The company behind the cryptocurrency Cardano has struck a non-binding “memorandum of understanding” with the Georgian Ministry of Education and Science, which hopes to integrate blockchain technology into its services and advance its goal of becoming a “tech business hub.”
Input Output, or IOHK, one of the three companies that support the development of the peer-reviewed blockchain protocol and cryptocurrency, announced that the collaboration would last two years and would be principally focused on tamper-proofing the country’s expanding university system, according to a press release published on “Cryptoninja.”
Cardano will also supposedly assist Georgia’s blockchain focused FinTech startups, improve the security of its “confidential data,” integrate “smart contract functionality” into government services and, opaquely, “support the Ministry’s current work to ensure qualifications from Georgian universities are comparable with higher-education qualifications across European.” (We have reached out for comment on what this means, and will update with any response.)

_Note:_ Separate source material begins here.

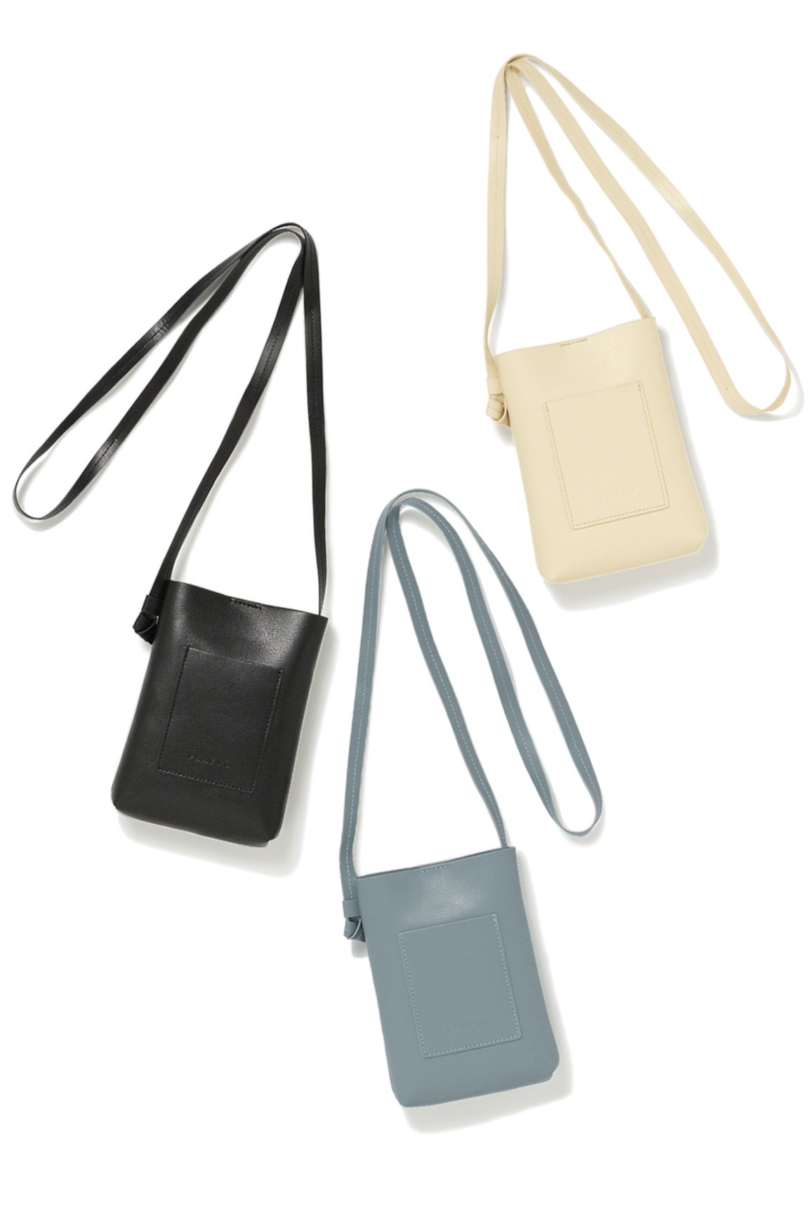 アクセサリー感覚で気軽に使えるサコッシュは、アイスブルー・ベージュ・ブラックの3色展開です。

The partnership has been framed as the next step in Georgia's ongoing clean-up of the morass of corruption left over from its days as a Soviet satellite state—in which up to $30 million was reportedly spent on bribing university officials each year.
Georgia’s minister of Education, Health, Culture and Sport Mikheil Batiashvili said that he was “hopeful that leveraging IOHK’s world-leading expertise, particularly in 3rd generation blockchain technology, will help [Georgia] to progress even further toward our goal of being the world’s leading country for secure, digitally-enabled international business.”

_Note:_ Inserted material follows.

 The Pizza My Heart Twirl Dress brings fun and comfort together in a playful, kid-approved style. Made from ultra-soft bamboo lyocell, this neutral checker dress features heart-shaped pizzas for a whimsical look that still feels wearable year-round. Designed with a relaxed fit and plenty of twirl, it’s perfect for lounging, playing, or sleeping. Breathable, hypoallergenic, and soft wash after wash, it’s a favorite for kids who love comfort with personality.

Exciting, right? Yes to an extent, though this sort of deal happens fairly regularly. Indeed, IBM’s blockchain outfit brokered a similar deal with the government of Azerbaijan some days ago, according to Yahoo News. Meanwhile, the US customs and border protection agency is reportedly collaborating with blockchain startup Factom to develop a blockchain-based shipment tracking system. And Cardano itself joined forces with the Ethiopian government last year to trial a blockchain solution for farmers.

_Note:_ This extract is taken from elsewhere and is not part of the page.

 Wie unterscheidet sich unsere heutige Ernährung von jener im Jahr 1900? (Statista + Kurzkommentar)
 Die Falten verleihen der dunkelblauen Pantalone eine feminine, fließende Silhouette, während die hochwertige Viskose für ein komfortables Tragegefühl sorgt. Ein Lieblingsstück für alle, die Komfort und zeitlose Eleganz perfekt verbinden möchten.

Georgia, however, may be particularly fertile ground for blockchain-startup growth. Five percent of the intensely blockchain-curious country’s households reportedly mine cryptocurrency, and the government has already partially developed a vast land registry in conjunction with bitcoin mining giant BitFury—which since its inception in 2016 has reportedly been entrusted with 1.3 million documents.
The New York Times reports, however, that the Bitfury collaboration—in which the company was granted a full tax-exemption—may have been less an earnest attempt at trialling a novel technology than it was a venal money grab by ex-government officials who happened to sit on Bitfury’s board. One wonders how Cardano, too, got this potentially lucrative gig.